ТОП авторов и книг ИСКАТЬ КНИГУ В БИБЛИОТЕКЕ
Петер работал по вечерам и в воскресные дни, чтобы заказчики были довольны и не искали других сапожников.
Густав добывать деньги не умел и вообще не интересовался нашими заботами. Когда мы заговаривали с ним, он отвечал вяло, невпопад, точно во сне. Но к концу работы он оживлялся. Он выклянчил в табачной лавочке огромный пустой ящик из-под сигар — этак штук на пятьсот — и теперь каждый вечер, пока не гасили свет, и каждое воскресенье возился с ним. Он закруглил углы, выточил шейку, натянул струны и прорезал отверстия. Возня с ящиком стоила ему нескольких месяцев упорного труда; со стороны это выглядело очень нелепо, и мы смеялись над Густавом. Но он продолжал работать как ни в чем не бывало, и в один прекрасный день скрипка была готова! И что всего удивительней — он сразу же на ней заиграл, хотя до этого никогда не держал скрипки в руках. Казалось, делая скрипку, он одновременно освоил игру на ней.
Молодой хозяин просил меня присматривать за Густавом.
— Понимаешь, он из таких, что в любой день может сбежать, — объяснял хозяин. — Не то чтоб над ним сюило очень трястись, — он здесь все равно не на месте, — только не дело это, если ученик удирает Пойдут всякие разговоры, сам понимаешь...
Не только хозяин, каждый мог без труда увидеть, что Густаву здесь не место. Но когда я вел себя так же и не проявлял интереса к своему ремеслу, меня просто считали лентяем. И я завидовал Густаву, твердо знавшему, чего он хочет.
— Напрасно ты следишь за мной, — говорил он, — мне еще сперва надо выучиться играть по нотам. А уж потом я сбегу с бродячим цирком.
Этот маленький, беспомощный мальчуган не сомневался в своем призвании, оно было у него в крови. А я до сих пор не знал, чего хочу.
Однажды ко мне неожиданно пришел гость — Якоб Хансен; он прошел к нам во двор переулком и, внезапно появившись под окнами мастерской, поманил меня длинным указательным пальцем. Все это выглядело очень забавно, и товарищи не преминули громко расхохотаться. Из-за своей стеснительности Якоб всегда вел себя так, что, желая остаться незаметным, привлекал всеобщее внимание. Услышав смех, он обиделся и скрылся в переулке, а я побежал следом, боясь, что он уйдет.
— Вот дурни! — Он толкнул меня в грудь вместо приветствия.
Мы давно уже не виделись, пожалуй, с тех пор, как меня отдали в учение, не виделись по моей вине.

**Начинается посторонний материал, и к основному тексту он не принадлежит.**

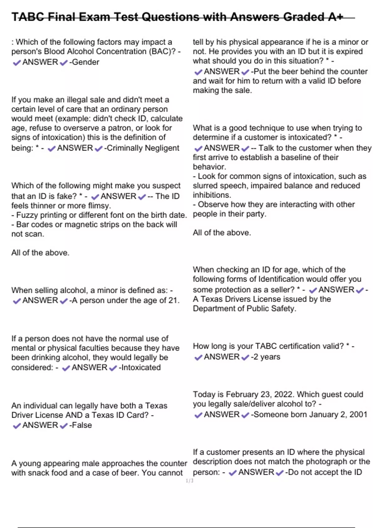 mental or physical faculties because they have How long is your TABC certification valid? * -

Бывая в Нексе, я ни разу не зашел к нему. Когда я уехал из дому, он был учеником на лесопилке, но через год в Нексе открыли реальное училище, и Якоб сразу же поступил туда. Еще через год он на отлично сдал выпускные экзамены. По всему острову только и говорили что о нем. А теперь Якоб приехал в Рэнне навести справки: он хотел подготовиться и экстерном сдать экзамены на аттестат зрелости при классической гимназии. Я гордился им и очень был рад, что он зашел ко мне; его посещение как-то поднимало меня в собственных глазах.
— Ах, черт подери, так он твой друг? — спросил меня молодой хозяин, когда Якоб с полгода тому назад напечатал в «Ависен» статью, направленную против пробста нашего города, в которой припер того к стене с помощью библейских текстов. — Я не прочь бы с ним познакомиться.

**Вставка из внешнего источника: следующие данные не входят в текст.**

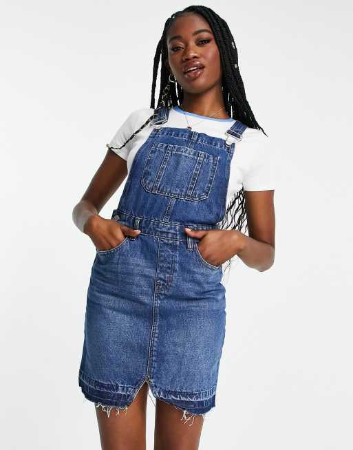 Asos clearance dungaree dress, DTT denim dungaree dress with raw hem in blue clearance
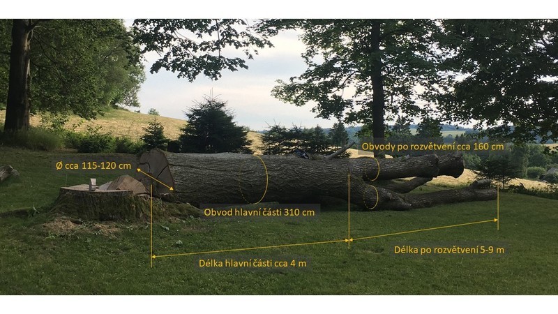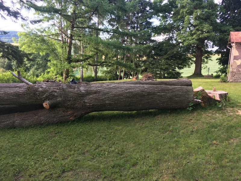 Prodám kmen lípy kácené 24.04.2021. Rozměry viz foto. Možno i po částech. Cena dohodou.
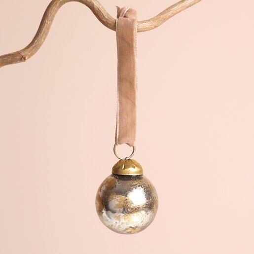 This mottled gold and silver bauble is the perfect way to add some winter warmth to your home.
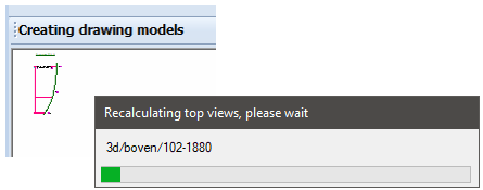 Click OK. The system shows the progress of the recalculation process in a progress bar and briefly displays the view being updated minimized in the top left corner of the graphical window.
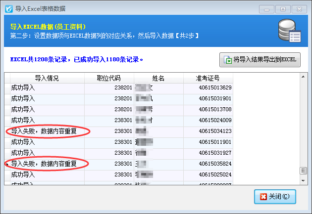 ????導入過程中軟件會實時顯示導入進度,如果數(shù)據(jù)量比較大時,導入進度達到100%時軟件進行數(shù)據(jù)提交會比較耗時。導入結束后,軟件會顯示導入的結果。沒有導入的記錄軟件會給出相應的原因,如下圖所示:

И вот Якоб стоял передо мной собственной персоной. У меня прямо сердце запрыгало от радости.
Зайти в дом Якоб наотрез отказался. Пока я бегал к молодому хозяину отпрашиваться, он ждал меня на улице.

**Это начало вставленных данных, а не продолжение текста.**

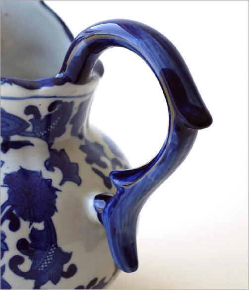 | ヨーロピアンとオリエンタルの世界観を融合させた シノワズリ様式のアイテムは インテリアに優美でエキゾチックな 風を運んできてくれそう 伸びやかに広がる藍の花や 蔓をイメージしたハンドルの 個性的な形が目を惹く ピッチャーベースです 商品名 : シノワズリーなピッチャーベース 商品番号 : vin1115 全体サイズ(cm) : 幅22×奥行15.5×高さ19.5 口径(くびれ部分) : 直径8 材質 : 陶器 重量 : 1.2kg ※陶器の裏面は多少ざらざらとしているため、テーブル等の擦り傷にご注意ください ※手作り品のため、色の出方や模様・形・サイズ等に個体差があります ※本体の小さな傷、傾き、ガタつき等はご容赦ください -陶器(土物)の特性とお願い- 土物は同じ技法、同じ窯で焼成しても土や釉薬に含まれる天然鉱物などの影響や天候で焼き上がりは微妙に異なります。工業製品のように同一の物になる事はありません。手作りの不均一性、窯変、釉薬の細かいヒビ(貫入)や垂れ等は、製造元より土物の特性として良品の扱いとなります。 |

— Ах ты, господи, так он здесь! — воскликнул хозяин. — Мне хочется поглядеть на него. Ты скажи, что я тебя не отпущу, если он сам не попросит.
Этого я, конечно, говорить Якобу не стал. Я просто сказал, что молодой хозяин очень болен и нуждается в утешении. Как ни строг и суров был Якоб, он не мог отказать в просьбе больному.
Молодой хозяин приподнялся на локте и, протягивая Якобу руку, с восхищением посмотрел на него.
— Здорово вы экзамен выдержали, — начал он, — такого у нас на острове еще не бывало, мы прямо гордимся вами, честное слово! А пробсту-то вы как всыпали в газете, совсем приперли к стенке.
Якоб улыбнулся.
— Ну, невелик труд припереть к стене богослова.
— А, так вы, наверное, вольнодумец? — спросил хозяин. — Ведь все умные люди — вольнодумцы. Ну, а если человек, допустим, лежит больной и скоро должен сыграть в ящик, тогда как? Выдержит ли он? Не то чтобы я сам собирался на тот свет — я скоро буду уже на ногах, мне через полгода минет тридцать! А вот если вольнодумец помирает, выдержит ли он характер?
С минуту Якоб, нахмурив брови, обдумывал ответ. До чего же он казался мне умным — умнее всех на свете. Помолчав, он медленно проговорил:
— Еще как выдержит! Настоящему человеку не нужны костыли да подпорки. Кстати, об этом написана превосходная книга, ее автор умер года два тому назад ог чахотки. И сам он храбро встретил смерть.
— От чахотки? — Взгляд молодого хозяина помрачнел. — И он не выздоровел, а как сказал, так и сделал, умер и даже не искал помощи? — Хозяин откинулся на подушку и помолчал. — Непременно достань эту книгу, чертенок, — шепнул он мне.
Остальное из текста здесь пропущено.